Hudson Valley Community College
- Former names: Troy Technical Institute Hudson Valley Technical Institute
- Motto: "Be Bold. Be a Viking."
- Type: Public community college
- Established: 1953; 73 years ago
- Parent institution: State University of New York
- President: Michael Brophy
- Undergraduates: 9,809 (fall 2025)
- Location: Troy, New York, United States 42°41′45″N 73°41′01″W﻿ / ﻿42.69578°N 73.68354°W
- Campus: Suburban 120 acres (0.49 km^{2});
- Colors: Hunter green and white
- Nickname: Vikings
- Sporting affiliations: National Junior College Athletic Association, Region III, Mountain Valley Athletic Conference
- Mascot: Victor the Viking
- Website: www.hvcc.edu

= Hudson Valley Community College =

Public college in Troy, New York, US

Hudson Valley Community College is a public community college in Troy, New York.
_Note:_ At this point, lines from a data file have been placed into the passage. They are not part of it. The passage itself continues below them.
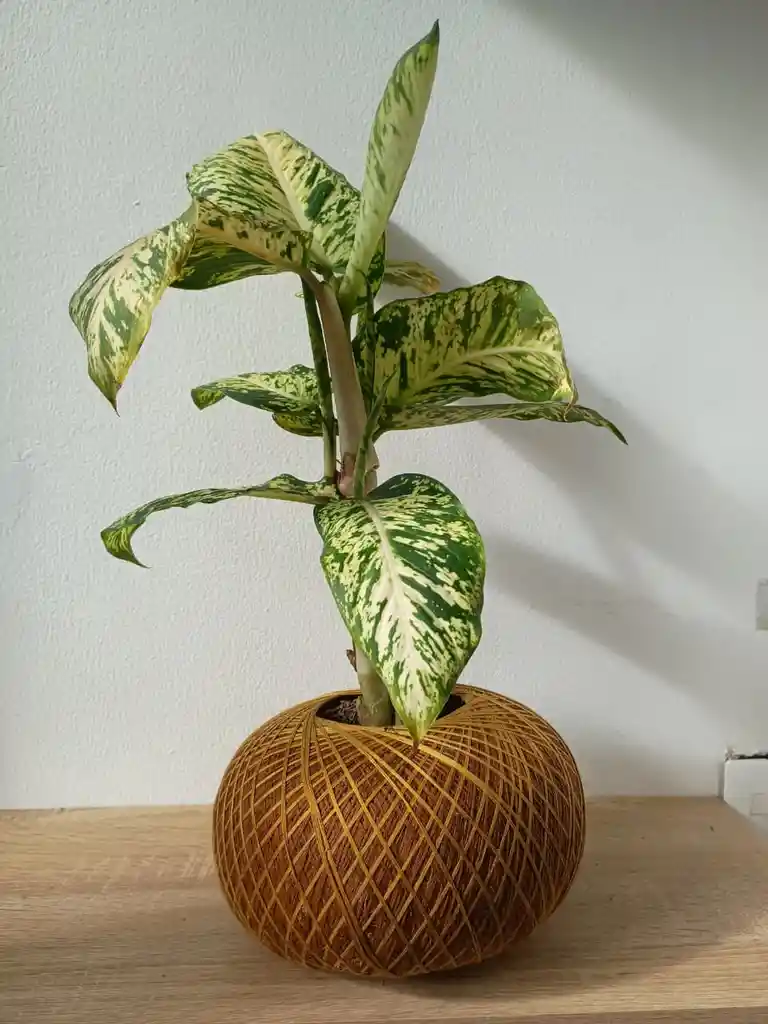 Planta Dieffenbachia de hojas grandes, verdes y jaspeadas en tonos crema, cultivada en kokedama artesanal envuelta con hilo dorado que resalta su belleza tropical. Perfecta para decorar salas, oficinas o como regalo original y elegante.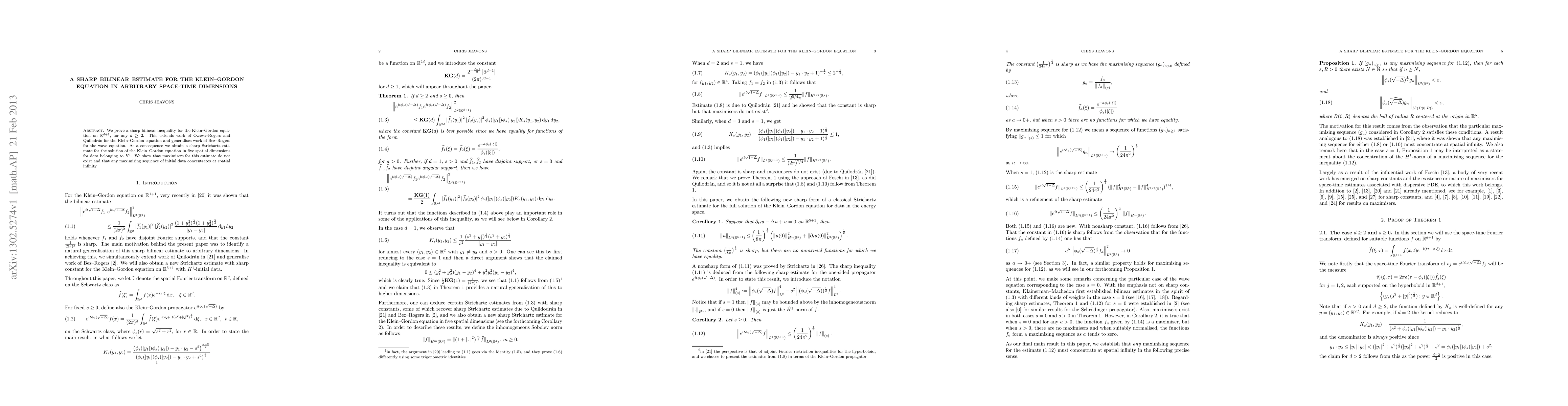 This paper proves a sharp bilinear inequality for the Klein-Gordon equation in arbitrary dimensions, extending previous results and generalizing findings for the wave equation. It also derives a sharp Strichartz estimate for the Klein-Gordon equation in five spatial dimensions, showing that no maximisers exist and that any maximising sequence of initial data concentrates at spatial infinity.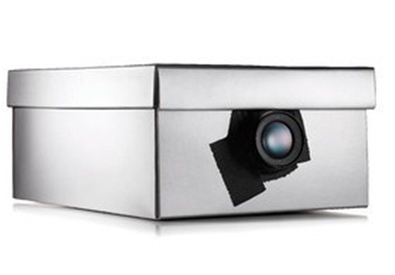 1-ابتدا یک حفره در یک سمت جعبه کفش ایجاد و یک ذرهبین در آن قرار دهید و دور آن را با نوار چسب بپوشانید تا مطمئن شوید نور به هیچ عنوان از دور ذره بین وارد جعبه نشود.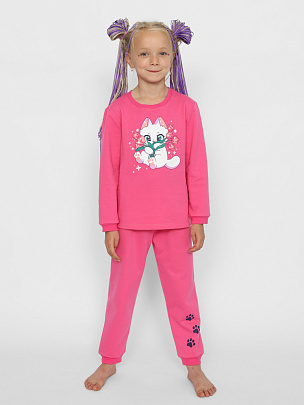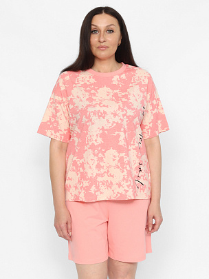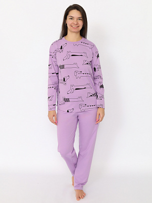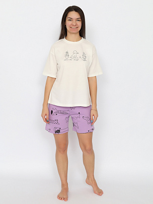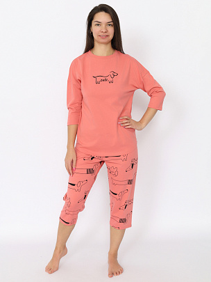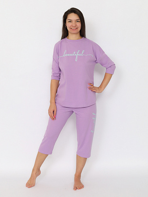Гладкокрашенная пижама из джемпера и бридж. Джемпер свободного покроя с рукавом 3/4. Горловина обработана притачной бейкой из рибаны с лайкрой. Перед оформлен принтом. Бриджи прямые умеренного объёма длиной ниже колена выполнены из полотна дополнительного цвета. Цельнокроенный пояс обработан плоским швом вподгибку с одновременным прокладыванием резинки. На левой стороне - принт.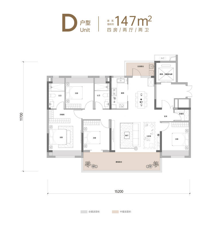 建面约147㎡4+1房2厅2卫·奢享电梯前室,独立入户空间·南向4.5开间,阳光洒满每个角落·约5.4m巨幕阔厅,定制多元场景·南北双阳台,生活诗意皆从容

It is part of the State University of New York (SUNY). Although about eighty percent of the students are from the Capital District, the remainder are from other parts of New York, other states and from some 30 countries around the world.

The college is accredited by the Middle States Commission on Higher Education and is overseen by a 10-member Board of Trustees.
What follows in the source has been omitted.